All work that goes into a Sprint needs to achieve the Definition of Done by the end of the Sprint. This ensures all work in the Sprint delivers business value by the end of the Sprint.

But what do you do if work is too large to fit into a Sprint?

 

Compare the size to other items

Have you delivered something similar? Is it about the same size in terms of work the team needs to do to meet the Definition of Done? If so, then the Product Backlog item is small enough to fit into the Sprint.

PBI and the Sprint L vs S

If the item can’t be delivered as currently described, then the team needs to break it down into smaller pieces. Each piece needs to be able to be completed, and achieve the Definition of Done, by the end of the Sprint.

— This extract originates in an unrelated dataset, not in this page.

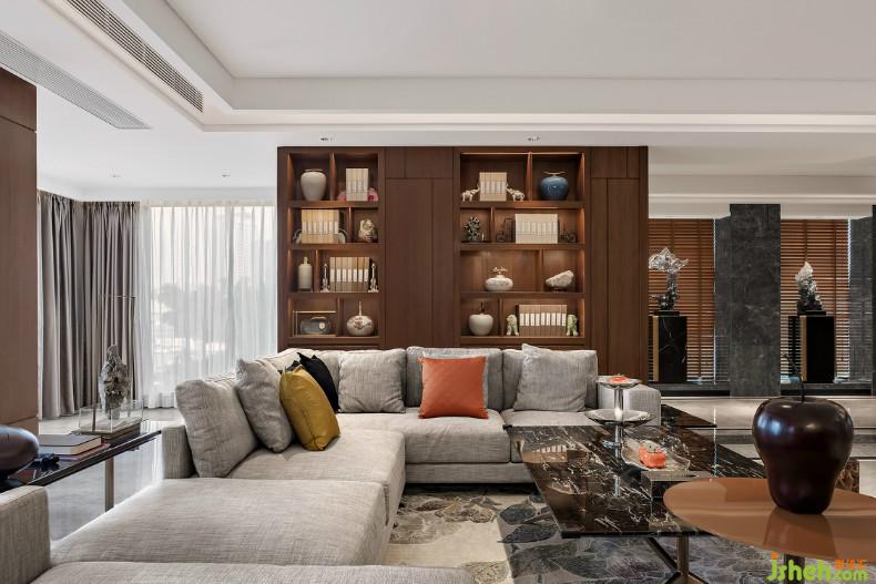 再者,东方文化的隐逸在内塑造,也需要外部家具器物的烘托,从而保持精气神三者统一,所使用的地毯、茶几、沙发、坐凳与艺术摆件等,从颜色、形状和纹理等,保持感官上的简约整洁。室内设计师尽管外在拥有现代美学特征,却以低调沉稳的精神面貌示意,实现品味和思想上的优雅。

How much work is needed to meet the Definition of Done?

By default, all work taken into a Sprint has to meet the Definition of Done by the end of the Sprint. For software teams, this typically means for each Product Backlog item:

  • Do the design, ensure the architecture and security meets the nescesary standards.
  • Build the code. 
  • Ensure there are no severity level 1 or 2 defects for functional and integration testing.
  • Update the documentation.
  • Integrate the code to the main branch.
  • Deploy the code to production.

For a communications and marketing team, this might include:

  • Ensure the copy is in plain-English
  • Use the corporate fonts, style guide and templates
  • Peer review the copy for grammar and spelling.
  • Store the document in the corporate document repository.

Sometimes, doing all this work might not fit into a Sprint.

Don’t Waterfall large Backlog items 

 Rather than separate out the build in one Sprint and then the testing in another Sprint (this is called “Waterfall”), we slice the feature into “vertical slices”.

don't waterfall your sprints
Above: Don't allow Backlog items to span multiple Sprints. Slice the work so that each PBI is small and fits into a single Sprint.
task-finger-bandage

Don't Waterfall your Sprints

If you're breaking up Backlog items by task, so that you're doing development in one Sprint and then testing in another, you're Waterfaling your Sprints. Try, instead, to break up large backlog items by Feature. This is known as 'vertical slicing''.

Vertical Slicing

What is vertical slicing?

The term “vertical slice” refers to a cross-sectional slice through the layers that form the structure of the software code base. It is mostly used in Scrum where the work is planned in terms of features. For example, as a very basic approach, a software product may consist of three layers (or components):

  1. Data access layer (bottom)
  2. Business logic layer (middle)
  3. User interface layer (top)

 

Why not use 'horizontal' slicing?

Horizontal slicing has a number of disadvantages to vertical slicing.

  • Reduced transparency: Progress isn’t visible to customers until the last slice is delivered and integrated.
  • Higher dependencies: Each layer is dependent on the previous layer. If an error isn’t found until the UI layer is delivered, rework might extend all the way back to the database layer.

This makes vertical slicing a preferred practice over horizontal slicing. 

horizontal slicing
Above: Horizontal slicing of Backlog items.

Slice large PBIs like cake

This is where the ‘multi-layer cake’ metaphor was born. First espoused by Bill Wake (2003), he suggests:

Think of a whole system as a multi-layer cake, for example, a network layer, a persistence layer, a logic layer, and a presentation layer. When we split a story, we're serving up only part of that cake. We want to give the customer the essence of the whole cake, and the best way is to slice the cake vertically through the layers. Developers often have an inclination to work on only one layer at a time (and get it 'right'), but a full database layer (for example) has little value to the customer if there is no presentation layer.

Bill Wake (2003)
vertical slicing
Above: Vertical slicing

How small should the slices be?

While there is no ‘perfect’size for a Backlog item, to promote the best transparency possible, try slicing a Backlog item so that it can be delivered against the Definition of Done in 2-3 days.